Festival „Aus den Fugen“ im Konzerthaus: Ungeheure Wut

Der türkische Pianist Fazil Say eröffnet das Festival „Aus den Fugen“ im Berliner Konzerthaus.

Wenn die Zeit „aus den Fugen“ gerät, kann das für das Klavierspiel nicht folgenlos bleiben. Das gleichnamige Festival im Konzerthaus, das damit einen „Soundtrack einer Welt im Umbruch“ bieten will, eröffnet Fazil Say mit einem Programm, das Unruhe und Konflikte betont.

Stark emotionalisierte Momente sind darin wichtiger als werkgerechte Ausführung. Am besten funktioniert das noch in Says eigenem Werk, der Klaviersonate „Gezi Park“. Sie bezieht sich auf die Ereignisse 2013 um den Instanbuler Gezi-Park, dessen Anwohnerprotest gegen seine Zerstörung durch Überbauung sich zu allgemeiner Kritik an der türkischen Regierung ausweitete. Ein 14jähriger Junge kam während der Räumung des Parks zu Tode.

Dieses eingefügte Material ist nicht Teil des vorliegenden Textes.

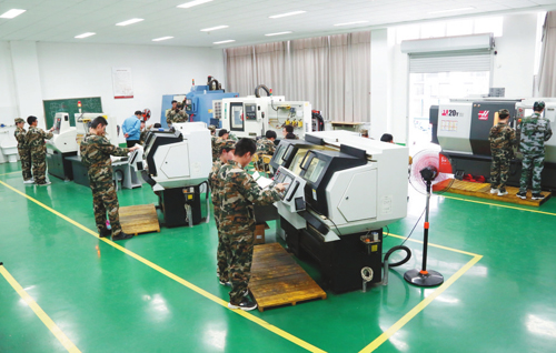 学生在分组进行智能制造数控加工训练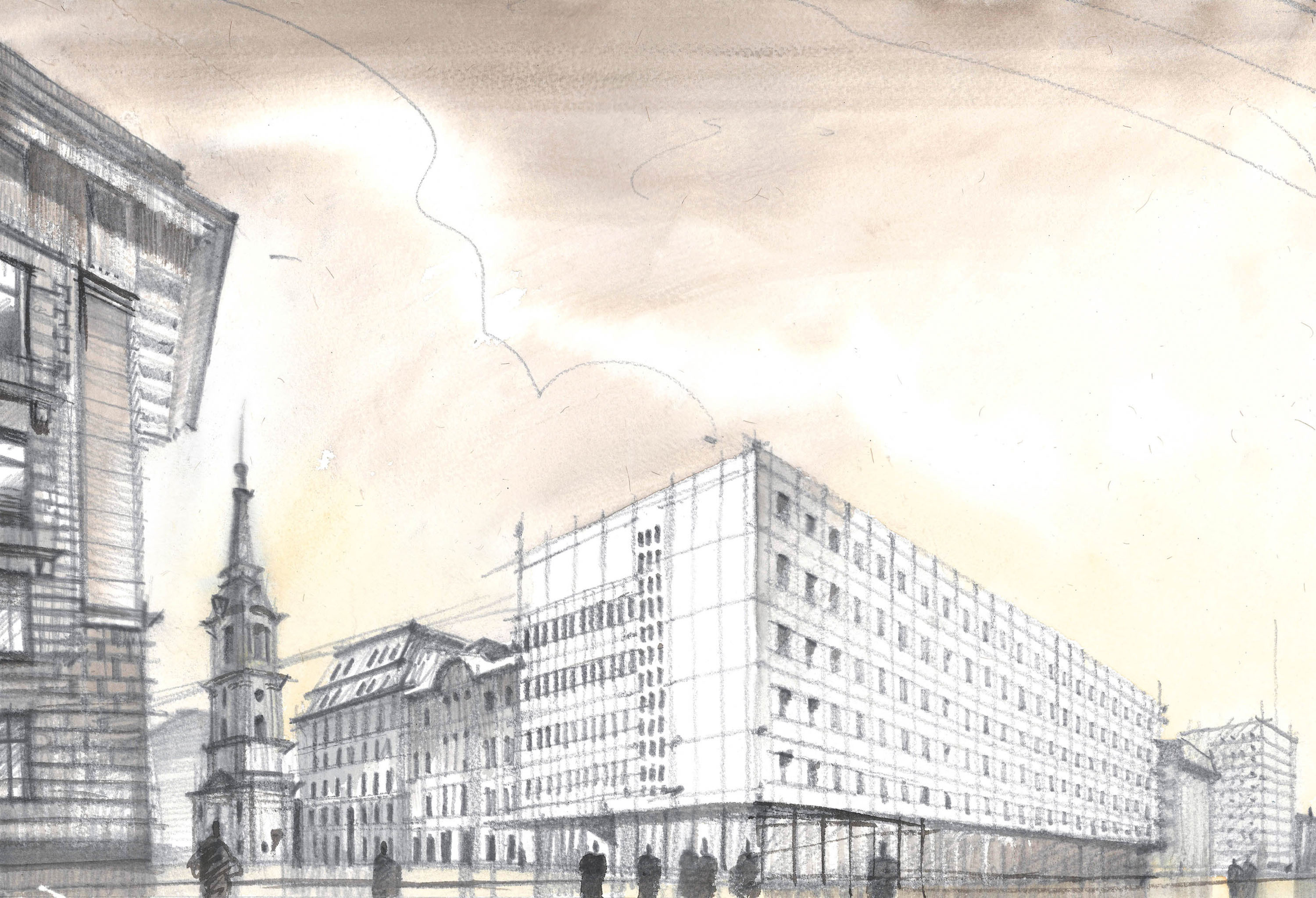 Die zweite Bauphase umfasst die Sanierung des östlichen Bestandsgebäudes sowie die Errichtung eines straßenbegleitenden Büroneubaus zur Stralauer Straße und eines weiteren Bürogebäudes an der Waisenstraße. Transparente Fassaden, ein belebter Sockel mit Gastronomie und/oder Einzelhandel sowie begrünte Innenhöfe tragen zur Öffnung und Belebung des Quartiers bei.

Eine ungeheure Wut klingt aus Says Faustschlägen auf die tiefsten Klaviertasten, denen verlorene Melodiefetzen aus stumm gedrückten, dumpf schnarrenden Saiten antworten. Klänge, die im Pedalrausch diffus bleiben, Melodien, die in clusterartigen Dissonanzen keine Kontur gewinnen zeichnen ein Bild von Zerstörung. Illustrativ, plakativ ist dies gewiss, aber dennoch ein Protokoll kaum bewältigbarer, sich gewaltsam Gehör verschaffender Emotionen.

Says Virtuosität kommt hier durchaus substantiell zur Geltung. Im übrigen „klassischen“ Programm dient sie eher der Erzeugung spektakulärer Effekte. In flackernder Dynamik und schwankenden Tempi schrammt das „Adagio“ aus Beethovens „Mondscheinsonate“ hart am Kitsch vorbei. Zwischen härtesten Akzenten und säuselnden Pianissomo-Episoden fehlt dem rasenden Finale bei überreichlichem Pedalgebrauch das Innenleben der Mittelstimmen.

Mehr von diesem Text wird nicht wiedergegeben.